I have a Windows XP guest running in VMWare Workstation 7 on a Windows 7 Ultimate host machine. This is working pretty well. The XP guest is nice and responsive. I have only one gripe. I’d like all of the buttons on my Logitech MX510 (the best mouse ever) to be mappable in the guest.
Starting from square one, I decided to try installing the current version of SetPoint in the guest OS. The installation went fine, but the usual functionality of the SetPoint settings utility was absent.
As shown in the screenshot, the SetPoint Settings utility displays only the Tools tab. It is missing the My Mouse tab (and if a keyboard were installed, I presume it would be missing the Keyboard tab, too).

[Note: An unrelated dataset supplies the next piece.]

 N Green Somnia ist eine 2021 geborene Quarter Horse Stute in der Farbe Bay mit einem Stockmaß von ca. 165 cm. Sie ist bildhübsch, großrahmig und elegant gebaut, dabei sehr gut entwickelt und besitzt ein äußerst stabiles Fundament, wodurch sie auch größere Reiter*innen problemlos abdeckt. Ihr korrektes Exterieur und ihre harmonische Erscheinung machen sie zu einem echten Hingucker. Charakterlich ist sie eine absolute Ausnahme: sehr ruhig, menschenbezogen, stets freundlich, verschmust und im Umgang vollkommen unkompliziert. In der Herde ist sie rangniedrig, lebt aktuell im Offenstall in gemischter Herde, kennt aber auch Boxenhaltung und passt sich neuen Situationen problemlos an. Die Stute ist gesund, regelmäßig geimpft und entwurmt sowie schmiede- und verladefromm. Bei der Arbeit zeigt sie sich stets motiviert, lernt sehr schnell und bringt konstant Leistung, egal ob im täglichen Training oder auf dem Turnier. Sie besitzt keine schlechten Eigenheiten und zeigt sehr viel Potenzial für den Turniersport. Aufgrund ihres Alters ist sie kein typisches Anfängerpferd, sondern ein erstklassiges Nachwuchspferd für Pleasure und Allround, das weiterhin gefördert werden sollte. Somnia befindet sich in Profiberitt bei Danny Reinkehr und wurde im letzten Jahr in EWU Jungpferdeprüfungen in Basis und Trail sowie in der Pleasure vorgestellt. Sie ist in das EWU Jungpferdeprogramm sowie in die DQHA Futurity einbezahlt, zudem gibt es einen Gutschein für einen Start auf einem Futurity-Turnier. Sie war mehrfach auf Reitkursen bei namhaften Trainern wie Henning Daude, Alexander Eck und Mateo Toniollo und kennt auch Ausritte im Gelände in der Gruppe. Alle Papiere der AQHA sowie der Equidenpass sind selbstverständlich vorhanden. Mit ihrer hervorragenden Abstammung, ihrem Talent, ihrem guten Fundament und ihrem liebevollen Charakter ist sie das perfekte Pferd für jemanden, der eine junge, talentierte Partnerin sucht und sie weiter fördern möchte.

After some Googling around, it appears to be a due to the way VMware approximates the physical mouse. VMware seems to treat USB mice connected to the host as PS/2 devices in the guest. SetPoint, then, doesn’t detect any Logitech hardware that it can configure.
The question of how to obtain SetPoint functionality in virtual machines is one that has been asked many, many times before, without a satisfactory answer. More on that in a little bit.
The best work around
Thankfully, it seems that, at least in the case of a Windows host and a Windows guest, installing SetPoint inside the virtual machine is not necessary. Installing it on the host seems to make all of the functionality available in the guest. This is the solution that I’m implementing now, and it is what I would recommend, provided you have rights to install software on the host.

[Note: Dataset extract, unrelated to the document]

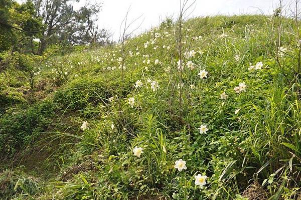 後龍大山一處濱海坡地近日野百合盛開,舊砲台旁也可見百合綻放。記者張裕珍/攝影

Paths to follow if you want to pursue installing SetPoint inside a VMware virtual machine
I applaud your courage. There are a few settings that can be tweaked that may get you closer to a working installation.
Possible setting number one
From the post at http://coreygilmore.com/blog/2008/04/30/better-multi-button-mouse-support-with-vmware-fusion-and-workstation/
Add the following line to the virtual machine’s .vmx file:
mouse.vusb.enable = "TRUE"
From what I can tell, this setting allows me to use the Forward and Back buttons on the mouse, but does not make the mouse detectable by SetPoint. The remaining mouse buttons do nothing.
Possible setting number two
The solution given (which did not work for me) is to:
First add the following line to the virtual machine’s .vmx file:
usb.generic.allowHID = "TRUE"
An explanation of what this does, by a VMware associate, can be found in the thread at http://communities.vmware.com/thread/110919?start=15&tstart=0
If you’re feeling really adventurous and/or desperate, you can take out the mouse.vusb.enable line and add this option instead:
usb.generic.allowHID = “TRUE”
Then, you’ll notice that your main mouse and keyboard (if they are USB) are available to pass through into the guest via the USB devices menu.
The dangerous part here is that once you pass through the mouse, it is actually disconnected from the host, so you won’t be able to ungrab from the guest just by mousing out of the Fusion window. You can still ungrab with the keyboard (ctrl-cmd I believe is the shortcut?). If you actually pass through your keyboard and your mouse, you’ll be stuck in the guest and you’ll have to shut it down (or worse, reboot your physical machine).
This sounded like a great idea, and I was willing to set up a second, PS/2 mouse to control just the host, if necessary. Without connecting a second mouse, I tried passing the Logitech mouse as a USB device to the VM, just as I would an external hard drive, but VMware prevented this, with a warning message:
[Machine Name] – VMware Workstation
Cannot connect “Logitech USB-PS/2 Optical Mouse” to this virtual machine. The host requires this device for input.
The second step would have been to go into Device Manager, click Actions, and then choose “Scan for hardware changes”.
I didn’t get to the second step, as I was too lazy to track down a PS/2 mouse to keep attached to the host, and I still wanted to find a software solution. I suspect, though, that this would be were to begin, were I to need to get SetPoint running in the guest OS.
While I wasn’t able to figure out how to install SetPoint on a guest OS, the workaround of installing SetPoint on the host OS seems to accomplish my goal.